- _Provided information_:
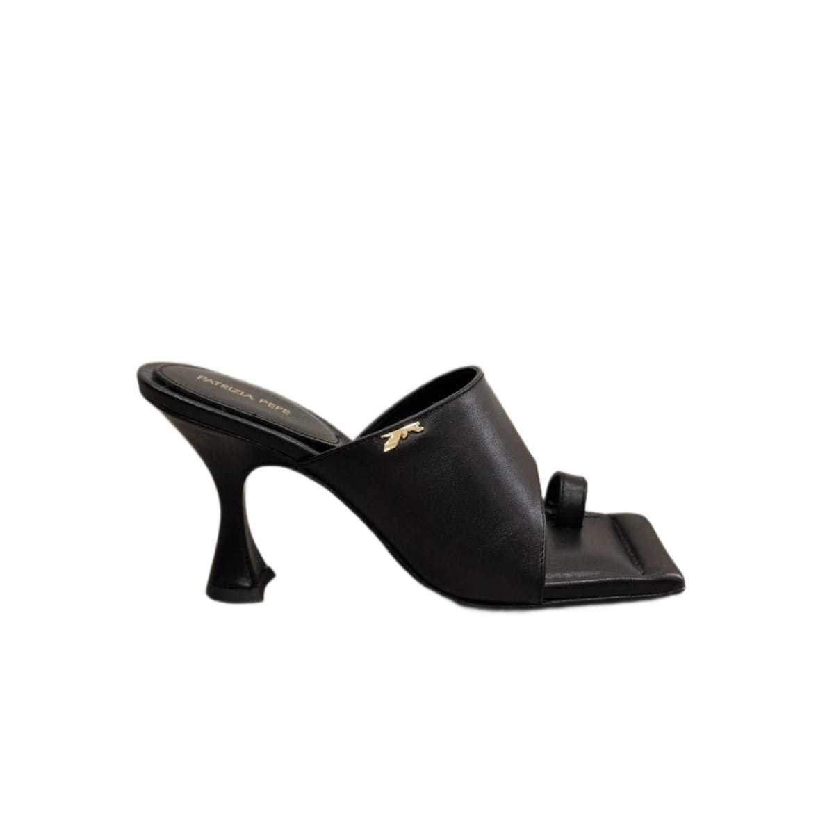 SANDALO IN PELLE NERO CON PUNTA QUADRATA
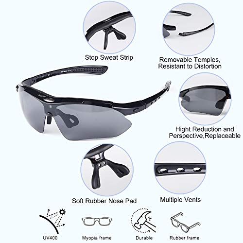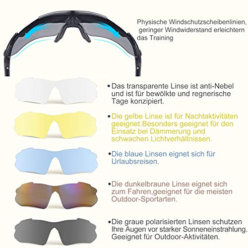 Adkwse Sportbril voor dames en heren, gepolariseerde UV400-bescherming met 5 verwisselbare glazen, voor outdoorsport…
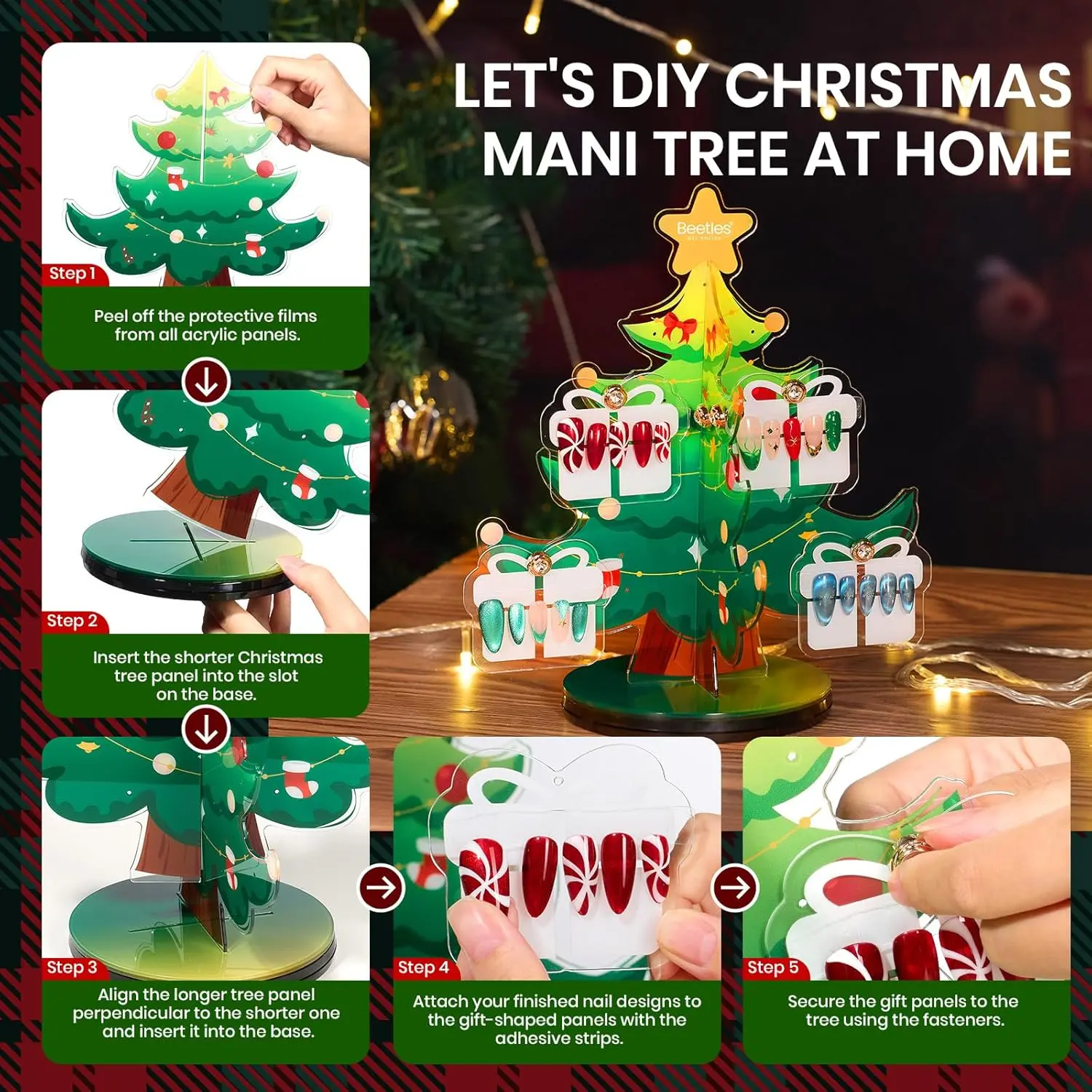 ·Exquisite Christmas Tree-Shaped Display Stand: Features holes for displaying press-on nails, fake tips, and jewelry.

==

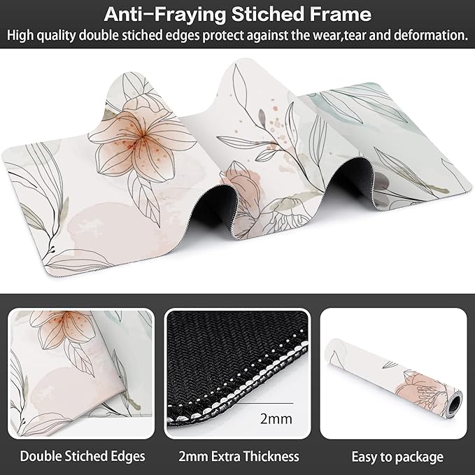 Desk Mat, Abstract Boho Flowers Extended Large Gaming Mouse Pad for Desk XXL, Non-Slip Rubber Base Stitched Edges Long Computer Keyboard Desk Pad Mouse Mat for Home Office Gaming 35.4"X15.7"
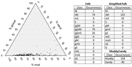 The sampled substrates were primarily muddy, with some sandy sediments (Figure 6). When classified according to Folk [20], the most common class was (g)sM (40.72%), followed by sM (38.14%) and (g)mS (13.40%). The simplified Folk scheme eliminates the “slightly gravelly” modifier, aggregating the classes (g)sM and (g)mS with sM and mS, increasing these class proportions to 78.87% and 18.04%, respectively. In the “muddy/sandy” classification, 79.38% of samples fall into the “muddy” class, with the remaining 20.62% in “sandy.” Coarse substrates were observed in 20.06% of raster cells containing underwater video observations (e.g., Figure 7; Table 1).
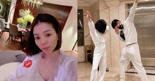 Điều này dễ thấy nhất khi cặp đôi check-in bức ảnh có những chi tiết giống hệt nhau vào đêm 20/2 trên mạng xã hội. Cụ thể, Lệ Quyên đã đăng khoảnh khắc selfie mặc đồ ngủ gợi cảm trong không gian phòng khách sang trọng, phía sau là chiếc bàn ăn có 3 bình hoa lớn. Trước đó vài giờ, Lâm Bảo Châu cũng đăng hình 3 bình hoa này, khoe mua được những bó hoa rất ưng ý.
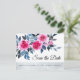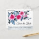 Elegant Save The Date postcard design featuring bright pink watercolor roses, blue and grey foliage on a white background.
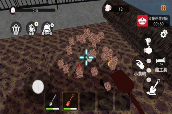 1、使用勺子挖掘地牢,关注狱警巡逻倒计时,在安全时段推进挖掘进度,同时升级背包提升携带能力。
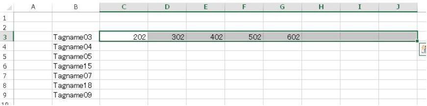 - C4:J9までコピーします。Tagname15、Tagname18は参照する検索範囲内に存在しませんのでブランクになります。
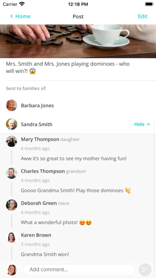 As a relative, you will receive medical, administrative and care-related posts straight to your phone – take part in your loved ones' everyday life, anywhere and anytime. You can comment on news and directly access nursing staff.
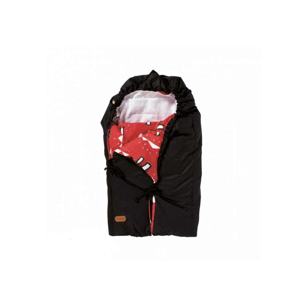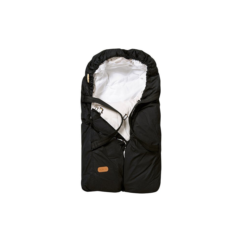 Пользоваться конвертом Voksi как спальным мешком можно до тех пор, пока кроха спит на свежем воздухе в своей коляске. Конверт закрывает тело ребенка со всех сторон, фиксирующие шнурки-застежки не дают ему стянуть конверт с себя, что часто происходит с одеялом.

- _Work to complete_:
Reproduce, exactly and only, the lines of the records above starting at the line with "SANDALO IN PELLE NERO CON PUNTA QUADRATA" and ending at the line with "tips, and jewelry.", both included. Leave every picture out.

- _Reply to the task_:
 SANDALO IN PELLE NERO CON PUNTA QUADRATA
 Adkwse Sportbril voor dames en heren, gepolariseerde UV400-bescherming met 5 verwisselbare glazen, voor outdoorsport…
 ·Exquisite Christmas Tree-Shaped Display Stand: Features holes for displaying press-on nails, fake tips, and jewelry.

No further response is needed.